"Yeni Yol'da yürürken.. o tatlı baygın yüklenmeyi duyardınız.
Lezzetler hiçbir zaman birbirini tekrarlamazdı.
Dolmuş otobüsler "aşk ağırlığını" taşıyamazdı. Ne de olsa dünya araçlarıydı. Siz de "vasıtasız" geçer gider... kendi rüzgârınızla serinler gürler eserdiniz.
"Hakikat bağlarında" meyperestlik neymiş anlardınız. Kadehler dolup boşalırdı.
İç kahkahalarıyla çaylar çeşmeler yükselir taşardı; deryalara karışır devranı aşardı. Beden küllenir yanardı ha yanardı.
Yeni Yol'da ağlarken... "İçi" dıştan daha çok severdiniz. "Ruhunuz" gerçekten mevcutmuş fark ederdiniz.
Yeni Yol'da yaşarken... Cennet muştusunu gölgesini taşıyan köklü ulu bir "çınarın" zenginlik ve enginliğinden şaşkınlığa düşer hayranlıklara gark olurdunuz.
Yeni Yol'da coşarken... Zaman mekân ötesini aşmış "Erleri" tefrik eder seçer ve severdiniz.
Serazat çakırkeyif bir muhabbeti iliklerinize dek çekerdiniz. İlgi(lenir) iç(lenir) işle(ni)rdiniz.

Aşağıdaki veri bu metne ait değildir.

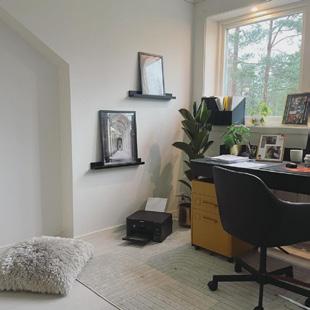 När de började kika på Älvsbyhus husmodeller stod valet mellan Villa Alvar och Villa Lasse men efter att ha funderat och diskuterat så vann till slut Lasse. Att tänka ett steg längre var egentligen det som avgjorde saken, att sönerna som idag är 14 och 16 år kanske inte blir hemmaboende så många år till och då är huset mer än nog för två personer. Med Villa Lasse får familjen ett lagom stort hus med integrerat kök och vardagsrum, badrum med förråd (här finns möjlighet till bastu) samt ett sovrum på entréplan. På ovanvåningen har sönerna varsitt sovrum samt egen toalett och utrymmet vid takkupan har familjen inrett som kontor.
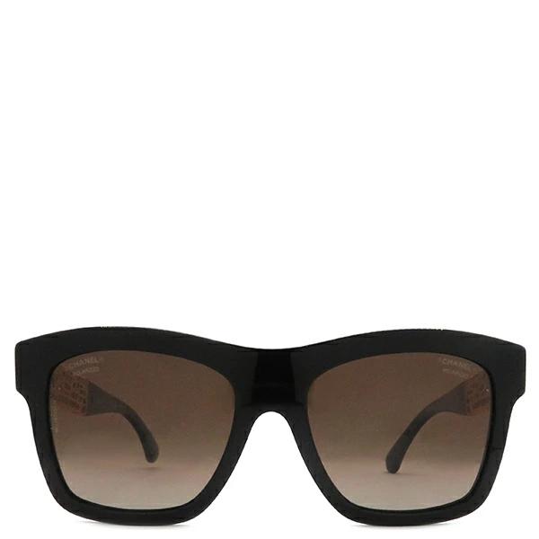 シャネル CHANEL サングラス スクエア シェイプ 54□18 アセテート メタル ブラック×ブラウン ココマーク ブラウンレンズ ゴールド金具 5533-A レディース 【箱】定番 人気 美品 【中古】

O enerjiyle aşıyla birbirine özlemle sarışmış günler geceleri aylar ve seneleri.. yeissiz elemsiz kedersiz.. sevgi içtenliğiyle huzurla bağrı açık devirirdiniz.
Işık Şarktan Garptan ve Yeni Yol'dan vururdu. "Tanrım! Ne saadet!" der demlenir içerdiniz."